> **The problem**
Quote the listing below in its entirety, omitting every image.

> **Data provided**
>>>

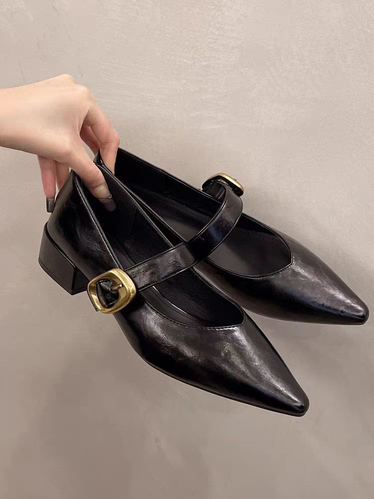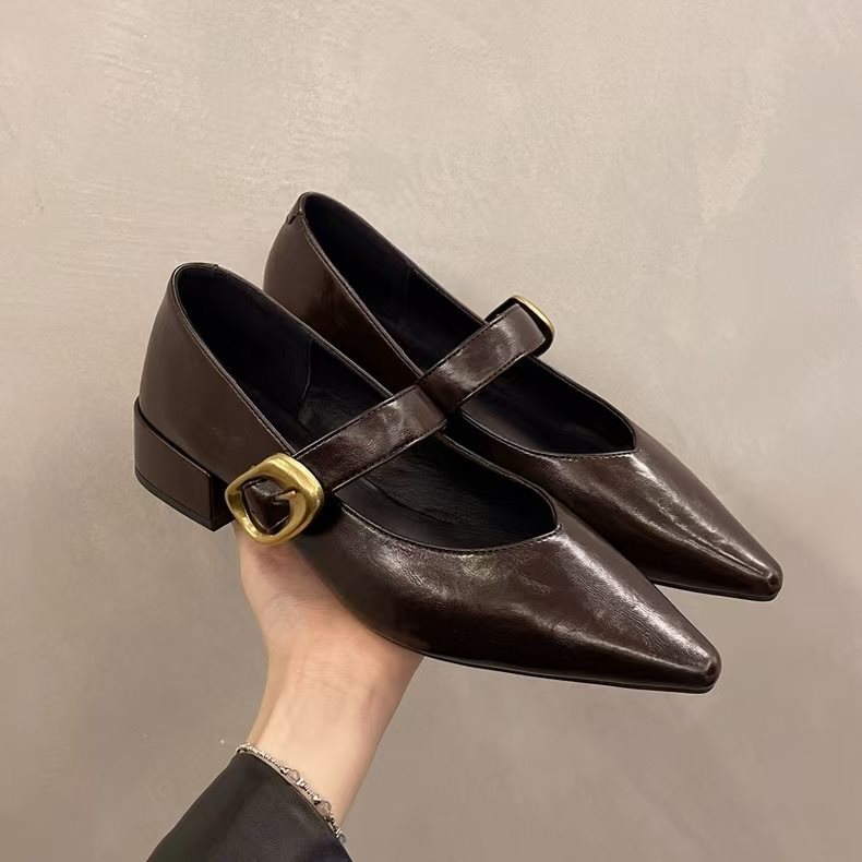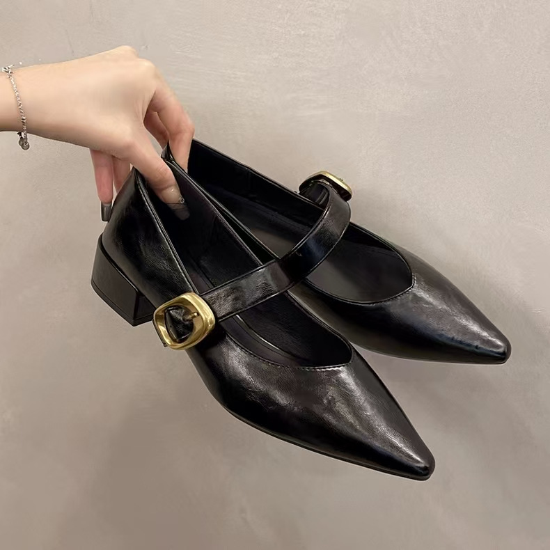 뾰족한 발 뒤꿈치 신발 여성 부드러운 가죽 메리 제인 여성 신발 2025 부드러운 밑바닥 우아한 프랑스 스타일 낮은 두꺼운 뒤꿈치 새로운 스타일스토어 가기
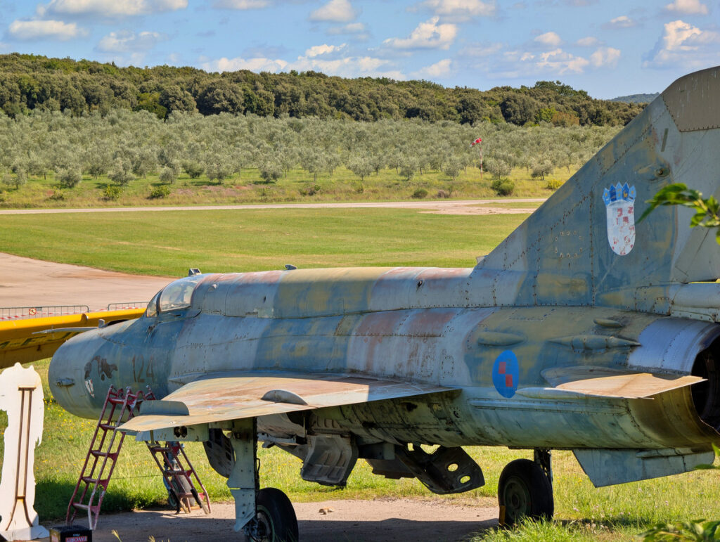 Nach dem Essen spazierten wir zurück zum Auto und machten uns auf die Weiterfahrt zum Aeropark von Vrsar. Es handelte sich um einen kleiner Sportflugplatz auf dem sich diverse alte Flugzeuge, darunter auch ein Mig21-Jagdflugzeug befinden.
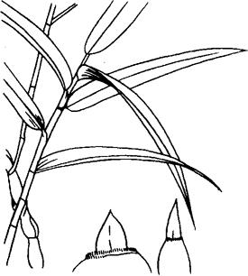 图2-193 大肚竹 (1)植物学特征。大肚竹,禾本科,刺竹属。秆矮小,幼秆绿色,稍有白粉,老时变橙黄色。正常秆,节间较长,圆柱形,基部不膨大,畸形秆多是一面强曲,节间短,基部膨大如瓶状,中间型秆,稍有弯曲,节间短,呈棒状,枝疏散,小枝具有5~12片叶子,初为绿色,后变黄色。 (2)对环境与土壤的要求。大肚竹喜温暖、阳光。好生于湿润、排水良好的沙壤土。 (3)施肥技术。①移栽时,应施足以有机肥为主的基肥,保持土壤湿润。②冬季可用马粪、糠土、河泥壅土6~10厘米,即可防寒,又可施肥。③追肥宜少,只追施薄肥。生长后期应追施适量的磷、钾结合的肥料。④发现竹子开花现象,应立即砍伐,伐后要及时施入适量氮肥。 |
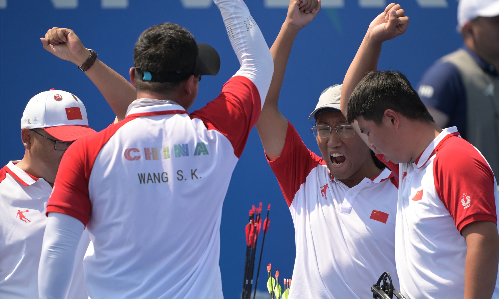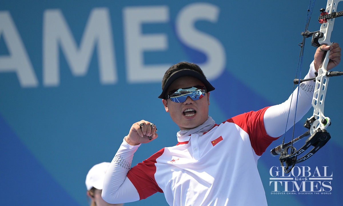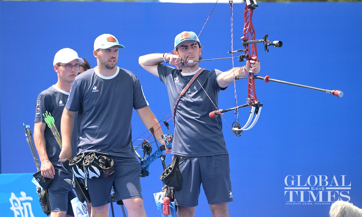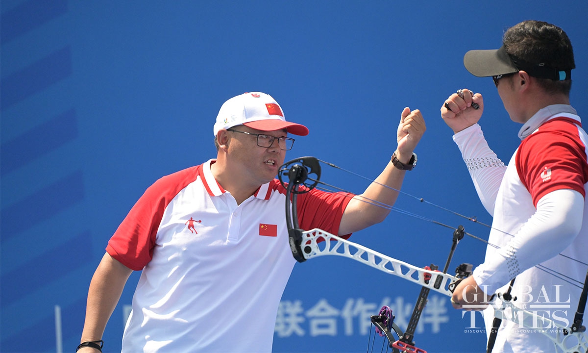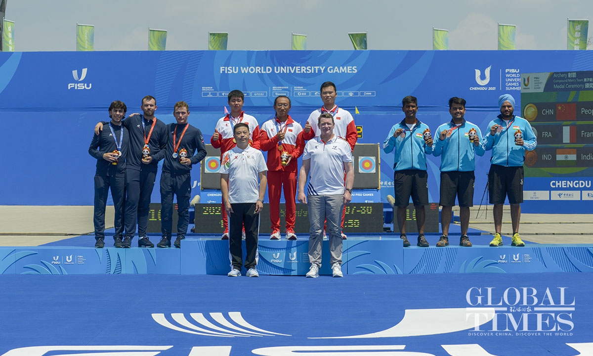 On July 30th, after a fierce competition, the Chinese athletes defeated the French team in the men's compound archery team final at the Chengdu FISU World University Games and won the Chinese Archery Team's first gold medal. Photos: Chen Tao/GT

<<<

> **Written solution**
 뾰족한 발 뒤꿈치 신발 여성 부드러운 가죽 메리 제인 여성 신발 2025 부드러운 밑바닥 우아한 프랑스 스타일 낮은 두꺼운 뒤꿈치 새로운 스타일스토어 가기
 Nach dem Essen spazierten wir zurück zum Auto und machten uns auf die Weiterfahrt zum Aeropark von Vrsar. Es handelte sich um einen kleiner Sportflugplatz auf dem sich diverse alte Flugzeuge, darunter auch ein Mig21-Jagdflugzeug befinden.
 图2-193 大肚竹 (1)植物学特征。大肚竹,禾本科,刺竹属。秆矮小,幼秆绿色,稍有白粉,老时变橙黄色。正常秆,节间较长,圆柱形,基部不膨大,畸形秆多是一面强曲,节间短,基部膨大如瓶状,中间型秆,稍有弯曲,节间短,呈棒状,枝疏散,小枝具有5~12片叶子,初为绿色,后变黄色。 (2)对环境与土壤的要求。大肚竹喜温暖、阳光。好生于湿润、排水良好的沙壤土。 (3)施肥技术。①移栽时,应施足以有机肥为主的基肥,保持土壤湿润。②冬季可用马粪、糠土、河泥壅土6~10厘米,即可防寒,又可施肥。③追肥宜少,只追施薄肥。生长后期应追施适量的磷、钾结合的肥料。④发现竹子开花现象,应立即砍伐,伐后要及时施入适量氮肥。 |
 On July 30th, after a fierce competition, the Chinese athletes defeated the French team in the men's compound archery team final at the Chengdu FISU World University Games and won the Chinese Archery Team's first gold medal. Photos: Chen Tao/GT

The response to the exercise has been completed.